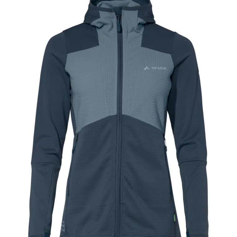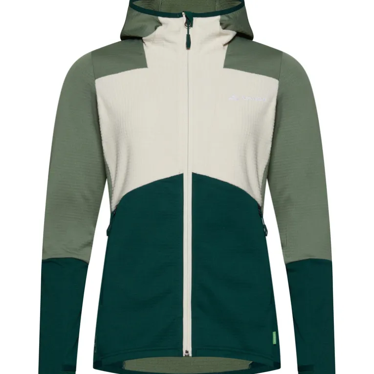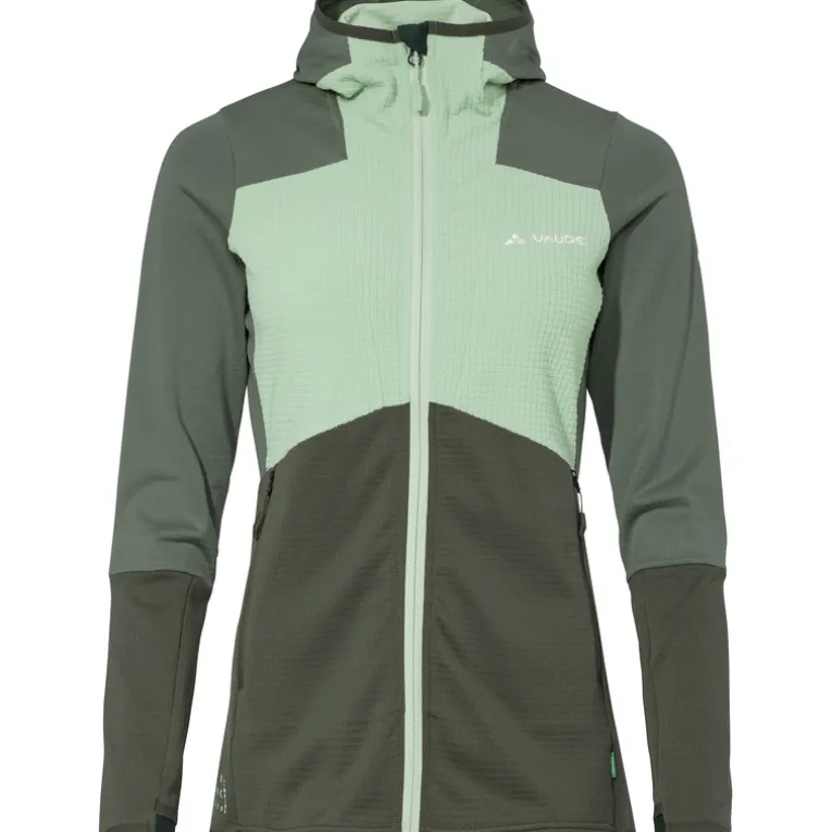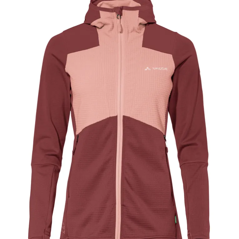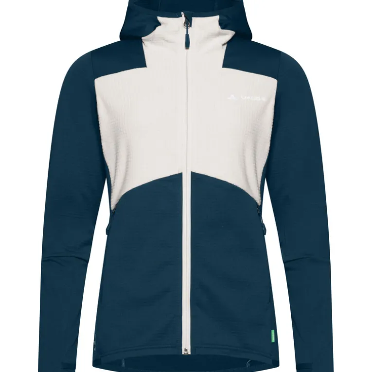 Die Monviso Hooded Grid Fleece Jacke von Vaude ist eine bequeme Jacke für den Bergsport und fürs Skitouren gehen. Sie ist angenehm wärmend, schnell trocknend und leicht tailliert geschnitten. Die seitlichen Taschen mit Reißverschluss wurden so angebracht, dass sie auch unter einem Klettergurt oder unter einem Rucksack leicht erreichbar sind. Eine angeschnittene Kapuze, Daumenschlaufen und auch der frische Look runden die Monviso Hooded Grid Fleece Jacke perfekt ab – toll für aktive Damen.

...

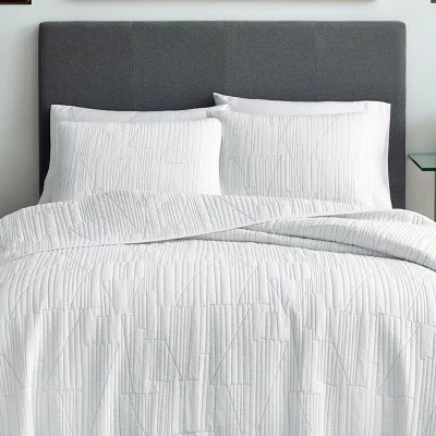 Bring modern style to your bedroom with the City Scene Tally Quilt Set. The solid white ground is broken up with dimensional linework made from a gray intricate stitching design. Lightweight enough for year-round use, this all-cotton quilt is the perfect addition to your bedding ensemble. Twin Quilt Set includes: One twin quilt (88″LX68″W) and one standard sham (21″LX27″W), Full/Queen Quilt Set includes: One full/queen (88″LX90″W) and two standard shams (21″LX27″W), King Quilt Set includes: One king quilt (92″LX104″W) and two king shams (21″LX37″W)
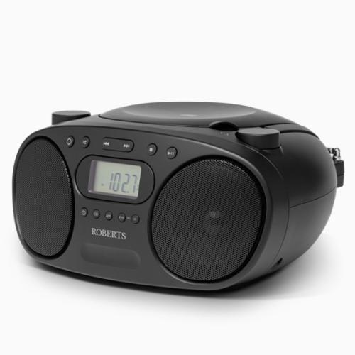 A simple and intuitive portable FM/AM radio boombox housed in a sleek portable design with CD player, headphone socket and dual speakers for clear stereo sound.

--

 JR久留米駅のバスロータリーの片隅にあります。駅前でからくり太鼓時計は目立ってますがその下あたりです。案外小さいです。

**Exercise directions:** Give again the stretch of the entries above that begins at the line with "Bring modern style" and ends at the line with "A simple and", word for word, with no pictures.

**Finished exercise:**
 Bring modern style to your bedroom with the City Scene Tally Quilt Set. The solid white ground is broken up with dimensional linework made from a gray intricate stitching design. Lightweight enough for year-round use, this all-cotton quilt is the perfect addition to your bedding ensemble. Twin Quilt Set includes: One twin quilt (88″LX68″W) and one standard sham (21″LX27″W), Full/Queen Quilt Set includes: One full/queen (88″LX90″W) and two standard shams (21″LX27″W), King Quilt Set includes: One king quilt (92″LX104″W) and two king shams (21″LX37″W)
 A simple and intuitive portable FM/AM radio boombox housed in a sleek portable design with CD player, headphone socket and dual speakers for clear stereo sound.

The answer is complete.